— Я напишу все что умею, — ответил Петров, по-прежнему сдержанно хотя глаза его лихорадочно мерцали и лицо было синюшно-бледным. — Не взыщите за стиль это будет исповедь.
Через два дня когда Герасимову передали тетрадь, исписанную Петровым данные из архивов подтвердили его информацию. Тем не менее приняв решение начать серьезную работу, Герасимов поднялся на чердак сел к оконцу в креслице заранее туда поставленное и приладившись к биноклю начал наблюдать за тем, как себя ведет Петров наедине с самим собой.
Смотрел он за ним час, не меньше, тщательно подмечая, как тот листает книгу (иногда слишком нервно, видимо что-то раздражает в тексте) как морщится, резко поднимаясь с постели (наверное болит культя) и как пьет остывший чай. Вот именно это последнее ему более всего и понравилось: в Петрове не было жадности, кадык не ерзал по шее и глотки он делал аккуратные.
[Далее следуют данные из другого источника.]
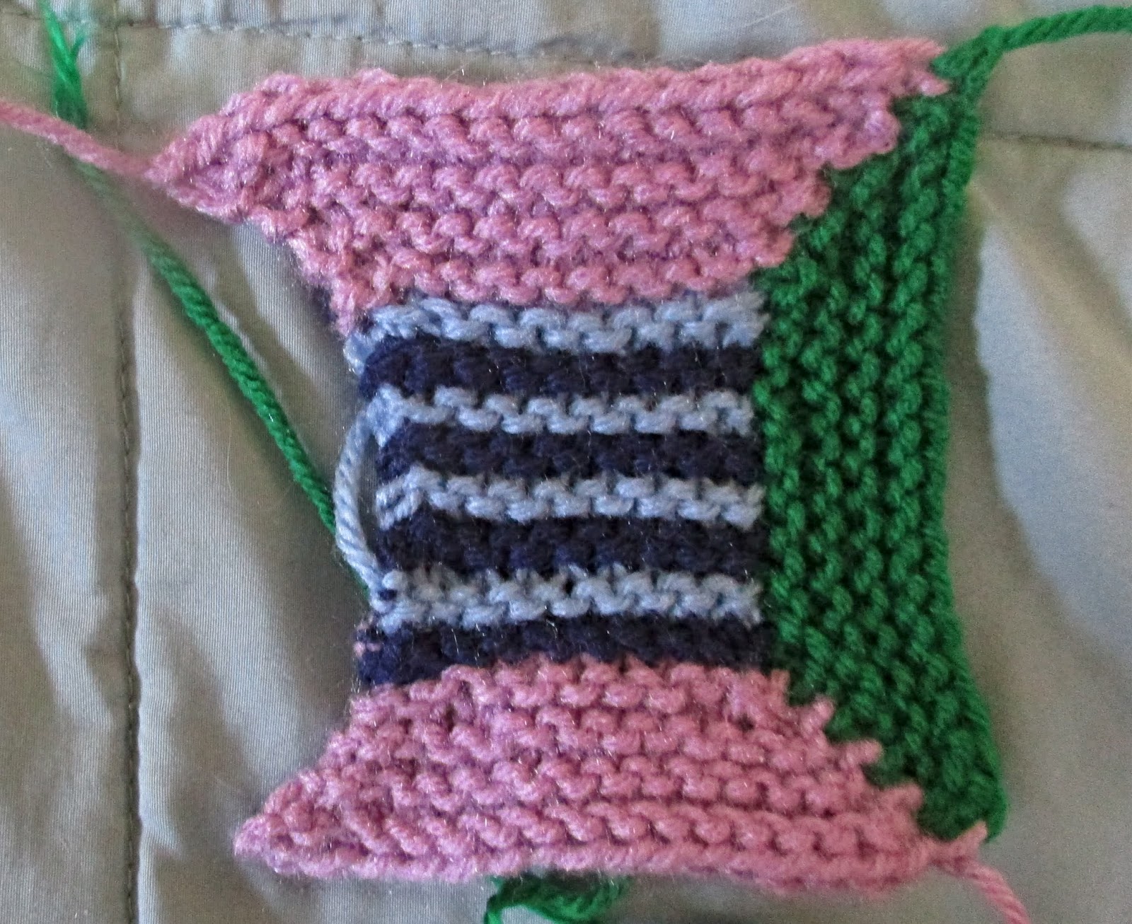Повторим 1-2 ряды ещё 3 раза, прибавляя петли в лицевых рядах, вытягивая их из бороздок.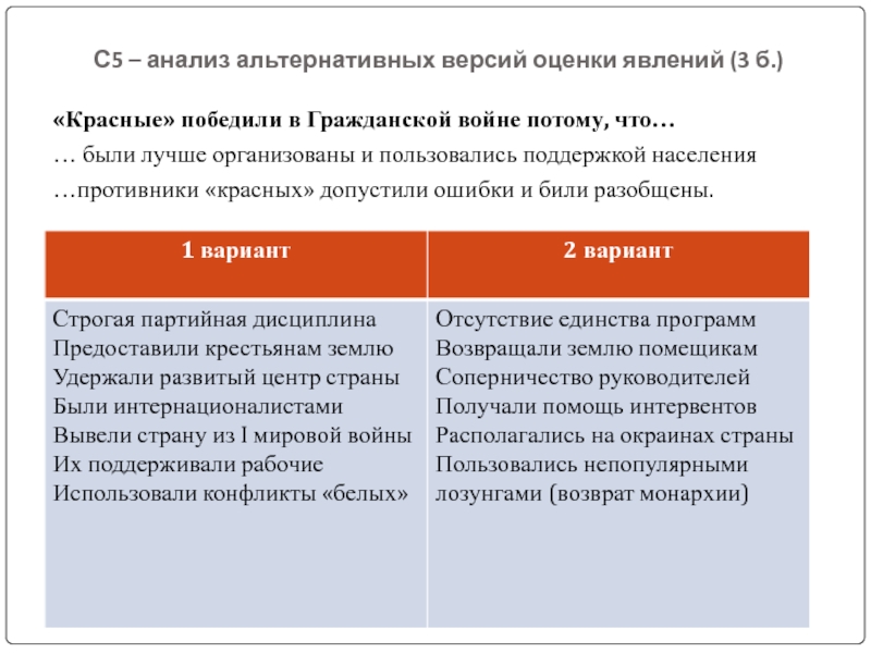 Слайд 12С5 – анализ альтернативных версий оценки явлений (3 б.)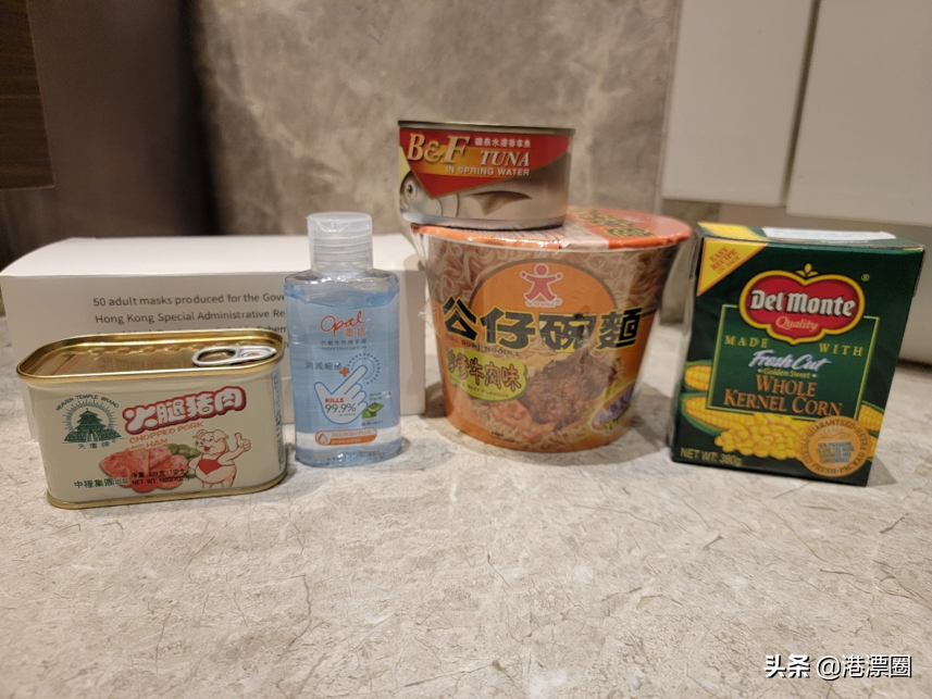 杯面*1,汤*1,罐头*2,搓手酒精*1,口罩*1盒

Вечером Герасимов постучался в дверь комнаты (сказал филерам на замок не запирать), услышал «войдите», на пороге учтиво поинтересовался:
— Не помешал? Можно? Или намерены отдыхать?
— Нет, нет, милости прошу.
— Спасибо, господин Петров. Давайте знакомиться: меня зовут Александр Васильевич, фамилия Герасимов, звание — генерал, должность…
— Глава санкт-петербургской охраны, — закончил Петров. — Мы про вас тоже кое-что знаем.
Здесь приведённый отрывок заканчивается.